[[ DATA FOR ANALYSIS, beginning ]]

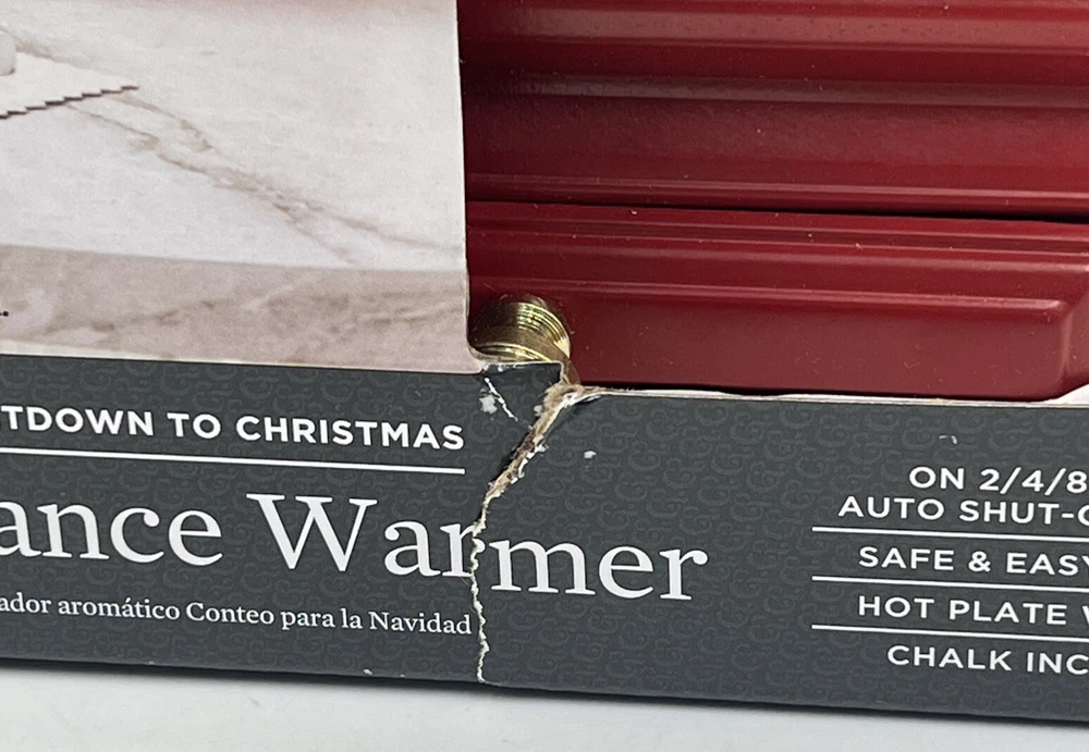 NEW Better Homes & Gardens Countdown to Christmas Fragrance Warmer (Red). Does not include wax melts. The front of the box/packaging has some damage. Photos included for reference. Thank you!
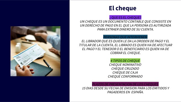 ¿ Que es el cheque? un cheque es un documento contable que consiste en un derecho de pago en el que la persona es autirizada para extraer dinero de su cuenta. personas que intervienen eL LIBRADOR QUE ES QUIEN LE DA LA ORODEN DE PAGO Y EL TITULAR DE LA CUENTA, EL LIBRADO ES QUIEN HA DE AFECTUAR EL PAGO Y EL TENEDOR O EL BENEFICIARIO ES QUIEN HA DE COBRAR EL CHEQUE. 4 tipos de cheque cheque nominativo cheque cruzado cheque de caja cheque conformado plazos de PRESENTACION DE LOS CHEQUES 15 dias desde su fecha de emision para los emitidos y pagaderos en España.
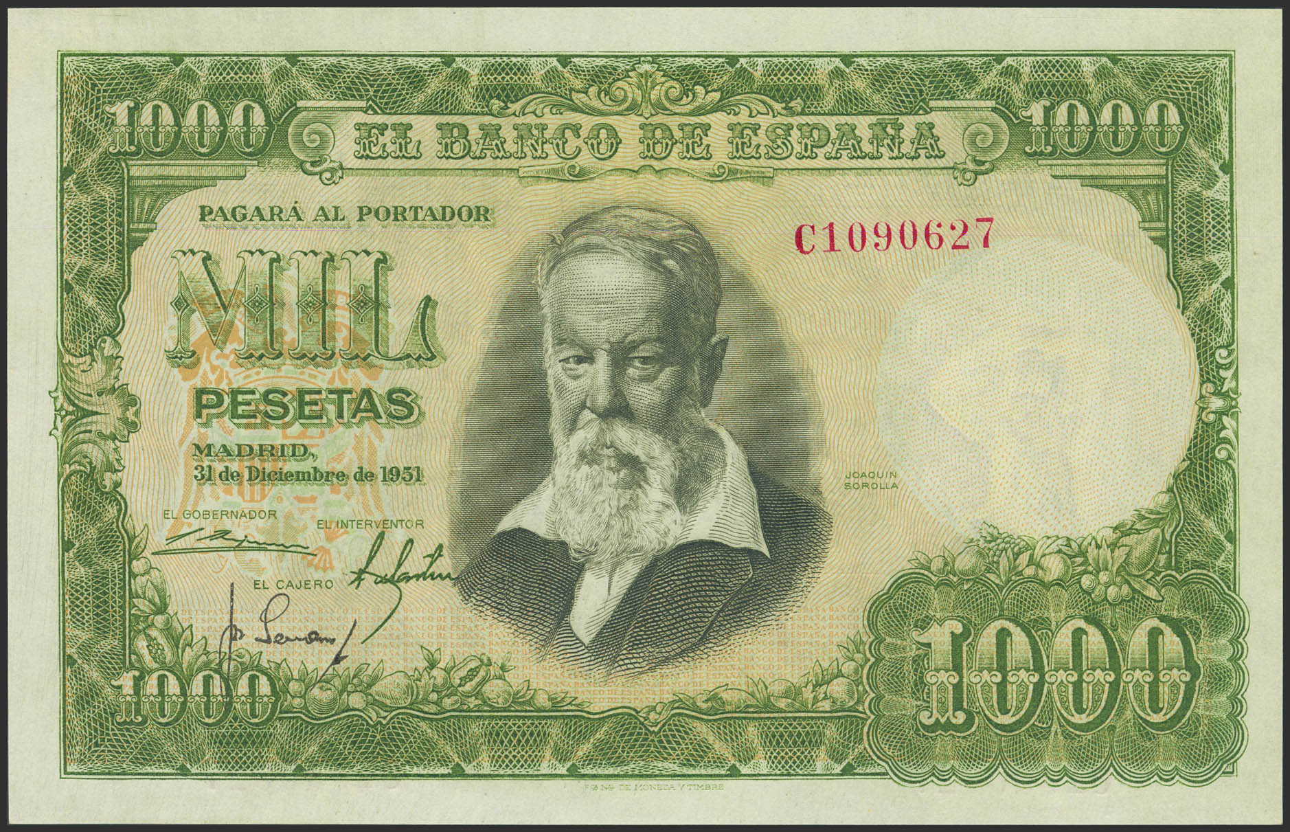 1000 Pesetas. 31 de Diciembre de 1951. Serie C. (Edifil 2023: 463b). Apresto original. SC.
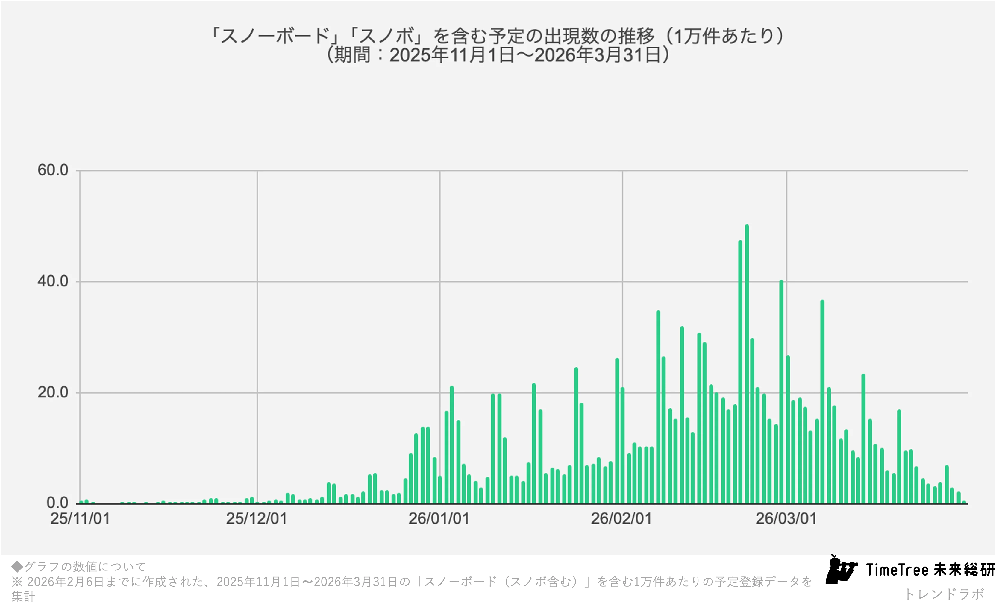 スノーボード(『スノボ』キーワード含む)の日別の推移をみると、11月から徐々に高まり、1月中旬以降さらに増加、2月下旬に最大のピークを迎えることが明らかになりました。特に2月22日(日)には1万予定あたり50.3件と、全期間で最高値を記録しています。今年はさらに2月にミラノ・コルティナ五輪が開催されることから、チームジャパンの活躍から、スノーボードの予定登録数は今後も伸び続けるかもしれません。
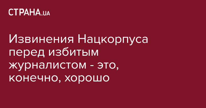 Те, що Нацкорпус розшукав «героїв» та змусив вибачитися перед журналістом - це позитив. Але вибачення не звільняють від відповідальності за напад на журналіста! Національна поліція має встановити всі обставини злочину і роль кожного з нападників. Брутальна атака на журналіста має вагомо каратися, а не виправдовуватися.
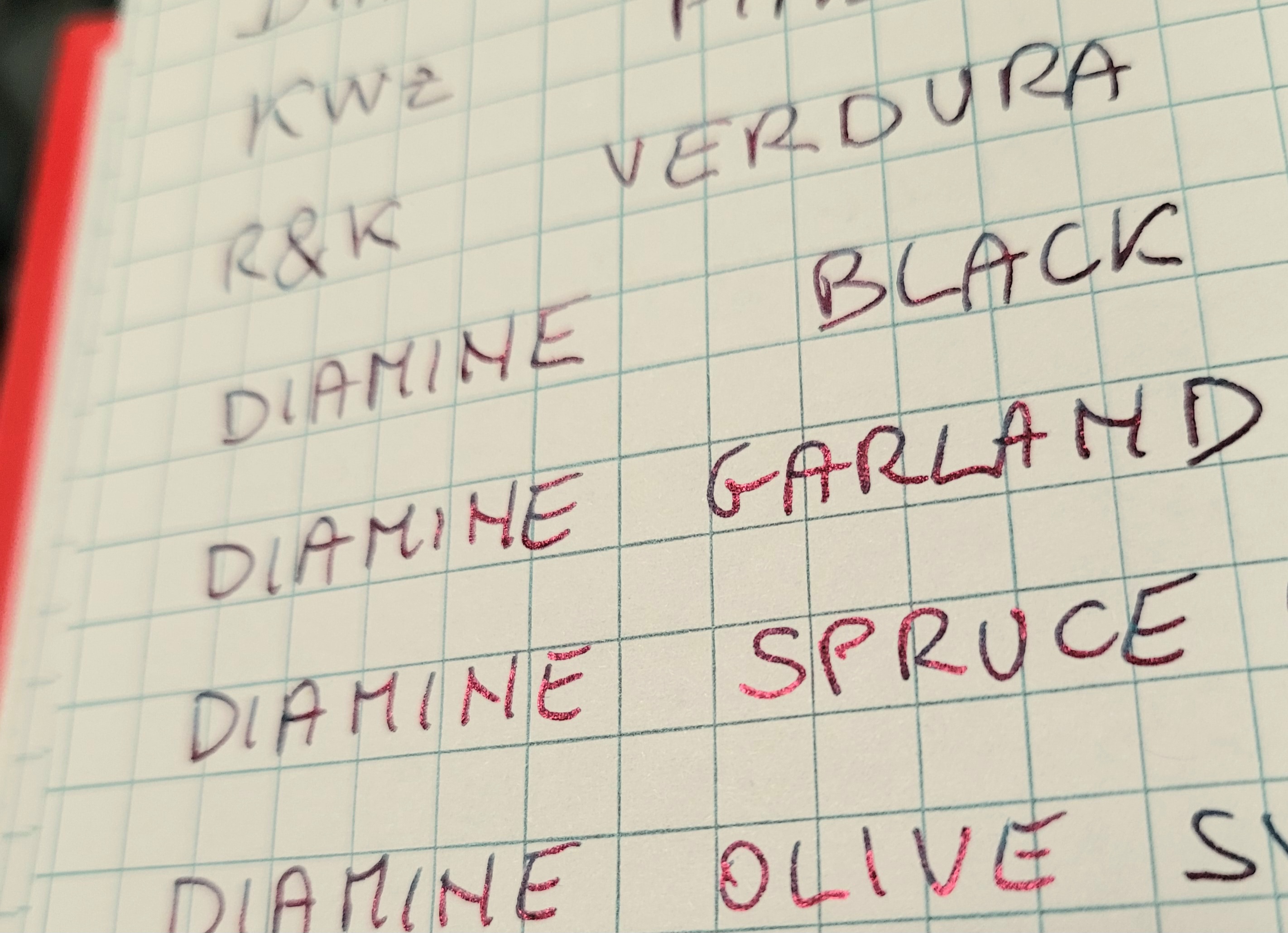 • Herbin Vert Olive: per praticamente inutilizzabile. Mi pare secco come pochi altri, ogni penna in cui l'ho provato smetteva di scrivere

[[ DATA FOR ANALYSIS, end ]]

* [EXERCISE] Set down the records above word for word, from the first line through the line containing "1000 Pesetas. 31", both included; leave out the pictures.

* [ANSWER]
 NEW Better Homes & Gardens Countdown to Christmas Fragrance Warmer (Red). Does not include wax melts. The front of the box/packaging has some damage. Photos included for reference. Thank you!
 ¿ Que es el cheque? un cheque es un documento contable que consiste en un derecho de pago en el que la persona es autirizada para extraer dinero de su cuenta. personas que intervienen eL LIBRADOR QUE ES QUIEN LE DA LA ORODEN DE PAGO Y EL TITULAR DE LA CUENTA, EL LIBRADO ES QUIEN HA DE AFECTUAR EL PAGO Y EL TENEDOR O EL BENEFICIARIO ES QUIEN HA DE COBRAR EL CHEQUE. 4 tipos de cheque cheque nominativo cheque cruzado cheque de caja cheque conformado plazos de PRESENTACION DE LOS CHEQUES 15 dias desde su fecha de emision para los emitidos y pagaderos en España.
 1000 Pesetas. 31 de Diciembre de 1951. Serie C. (Edifil 2023: 463b). Apresto original. SC.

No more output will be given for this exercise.